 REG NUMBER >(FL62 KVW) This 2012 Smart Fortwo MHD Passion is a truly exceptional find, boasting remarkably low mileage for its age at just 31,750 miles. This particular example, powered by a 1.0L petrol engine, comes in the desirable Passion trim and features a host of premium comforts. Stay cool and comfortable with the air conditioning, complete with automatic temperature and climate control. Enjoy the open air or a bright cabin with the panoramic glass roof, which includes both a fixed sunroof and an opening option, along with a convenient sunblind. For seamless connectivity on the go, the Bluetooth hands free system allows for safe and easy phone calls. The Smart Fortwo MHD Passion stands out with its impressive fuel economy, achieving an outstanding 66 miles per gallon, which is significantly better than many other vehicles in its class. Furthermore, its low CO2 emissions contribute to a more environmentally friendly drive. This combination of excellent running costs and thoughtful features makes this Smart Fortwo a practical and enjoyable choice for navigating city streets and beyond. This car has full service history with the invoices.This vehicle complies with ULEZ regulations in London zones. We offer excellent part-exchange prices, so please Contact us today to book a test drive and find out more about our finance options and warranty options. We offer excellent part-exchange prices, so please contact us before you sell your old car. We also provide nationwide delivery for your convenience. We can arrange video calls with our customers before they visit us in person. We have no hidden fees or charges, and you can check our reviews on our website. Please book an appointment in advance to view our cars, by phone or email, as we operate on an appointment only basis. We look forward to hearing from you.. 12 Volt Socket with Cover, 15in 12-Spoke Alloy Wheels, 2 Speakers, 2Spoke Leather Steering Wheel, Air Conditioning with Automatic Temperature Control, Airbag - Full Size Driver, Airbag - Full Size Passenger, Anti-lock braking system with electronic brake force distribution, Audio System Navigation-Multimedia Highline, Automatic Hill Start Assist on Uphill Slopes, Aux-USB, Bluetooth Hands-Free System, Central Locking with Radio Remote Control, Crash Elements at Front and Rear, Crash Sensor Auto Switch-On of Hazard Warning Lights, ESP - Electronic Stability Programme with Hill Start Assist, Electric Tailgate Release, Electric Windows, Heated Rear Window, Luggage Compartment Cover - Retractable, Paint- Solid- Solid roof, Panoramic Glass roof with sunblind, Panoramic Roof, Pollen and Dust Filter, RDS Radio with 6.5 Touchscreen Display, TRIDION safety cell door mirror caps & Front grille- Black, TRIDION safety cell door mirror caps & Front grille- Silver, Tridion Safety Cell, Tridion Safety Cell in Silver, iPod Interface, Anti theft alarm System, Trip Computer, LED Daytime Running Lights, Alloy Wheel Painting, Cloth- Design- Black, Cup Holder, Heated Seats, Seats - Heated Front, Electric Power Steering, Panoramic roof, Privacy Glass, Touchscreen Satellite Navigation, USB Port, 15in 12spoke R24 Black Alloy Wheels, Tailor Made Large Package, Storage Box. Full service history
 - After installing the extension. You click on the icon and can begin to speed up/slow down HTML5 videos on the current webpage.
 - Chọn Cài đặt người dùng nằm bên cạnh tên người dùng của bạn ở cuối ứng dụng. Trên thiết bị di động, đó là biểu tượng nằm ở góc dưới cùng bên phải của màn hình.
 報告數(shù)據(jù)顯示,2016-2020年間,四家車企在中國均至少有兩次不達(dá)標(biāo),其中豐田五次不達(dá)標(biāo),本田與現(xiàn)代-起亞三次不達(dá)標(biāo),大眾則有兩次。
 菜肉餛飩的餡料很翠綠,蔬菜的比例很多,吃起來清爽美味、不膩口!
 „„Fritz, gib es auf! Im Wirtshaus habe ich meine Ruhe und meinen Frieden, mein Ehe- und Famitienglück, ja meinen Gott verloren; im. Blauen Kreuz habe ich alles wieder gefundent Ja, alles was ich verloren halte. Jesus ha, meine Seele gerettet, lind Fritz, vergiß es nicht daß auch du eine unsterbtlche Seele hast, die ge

--

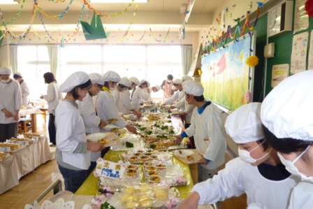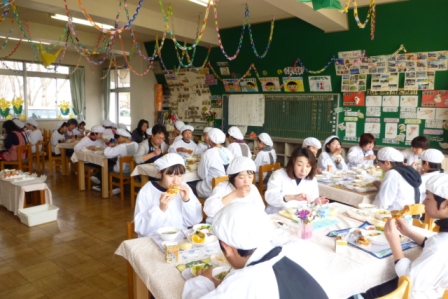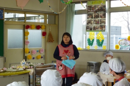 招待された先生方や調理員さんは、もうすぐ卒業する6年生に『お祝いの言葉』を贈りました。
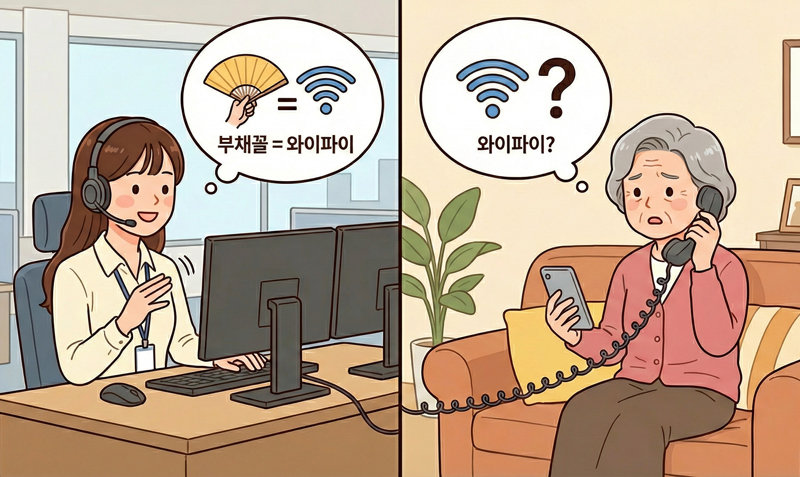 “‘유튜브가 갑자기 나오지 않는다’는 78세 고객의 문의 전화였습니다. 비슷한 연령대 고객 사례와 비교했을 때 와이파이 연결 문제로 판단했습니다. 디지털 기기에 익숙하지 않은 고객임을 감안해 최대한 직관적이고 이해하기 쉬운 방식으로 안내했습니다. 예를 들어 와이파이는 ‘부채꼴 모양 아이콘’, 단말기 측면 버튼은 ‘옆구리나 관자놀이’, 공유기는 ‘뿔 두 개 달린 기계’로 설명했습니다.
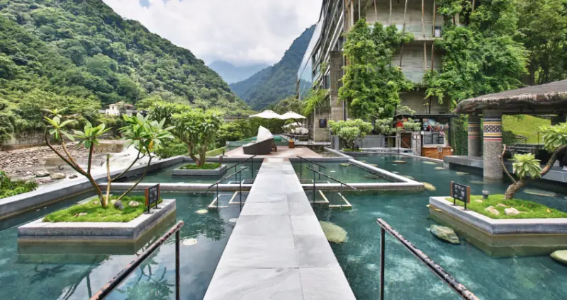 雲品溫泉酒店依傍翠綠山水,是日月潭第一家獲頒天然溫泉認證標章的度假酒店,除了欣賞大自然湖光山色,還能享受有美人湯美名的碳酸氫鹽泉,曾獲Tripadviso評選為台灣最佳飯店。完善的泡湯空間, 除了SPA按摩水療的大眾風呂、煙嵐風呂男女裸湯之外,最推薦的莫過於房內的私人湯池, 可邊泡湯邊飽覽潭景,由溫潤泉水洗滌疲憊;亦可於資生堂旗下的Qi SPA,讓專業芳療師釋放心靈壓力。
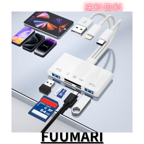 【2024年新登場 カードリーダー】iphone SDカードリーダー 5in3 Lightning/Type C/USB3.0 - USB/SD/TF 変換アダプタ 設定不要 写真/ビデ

* WHAT TO PRODUCE: From the records above, quote only the lines running from the line with "- After installing" to the line with "hast, die ge", both lines included.

* RESULT:
 - After installing the extension. You click on the icon and can begin to speed up/slow down HTML5 videos on the current webpage.
 - Chọn Cài đặt người dùng nằm bên cạnh tên người dùng của bạn ở cuối ứng dụng. Trên thiết bị di động, đó là biểu tượng nằm ở góc dưới cùng bên phải của màn hình.
 報告數(shù)據(jù)顯示,2016-2020年間,四家車企在中國均至少有兩次不達(dá)標(biāo),其中豐田五次不達(dá)標(biāo),本田與現(xiàn)代-起亞三次不達(dá)標(biāo),大眾則有兩次。
 菜肉餛飩的餡料很翠綠,蔬菜的比例很多,吃起來清爽美味、不膩口!
 „„Fritz, gib es auf! Im Wirtshaus habe ich meine Ruhe und meinen Frieden, mein Ehe- und Famitienglück, ja meinen Gott verloren; im. Blauen Kreuz habe ich alles wieder gefundent Ja, alles was ich verloren halte. Jesus ha, meine Seele gerettet, lind Fritz, vergiß es nicht daß auch du eine unsterbtlche Seele hast, die ge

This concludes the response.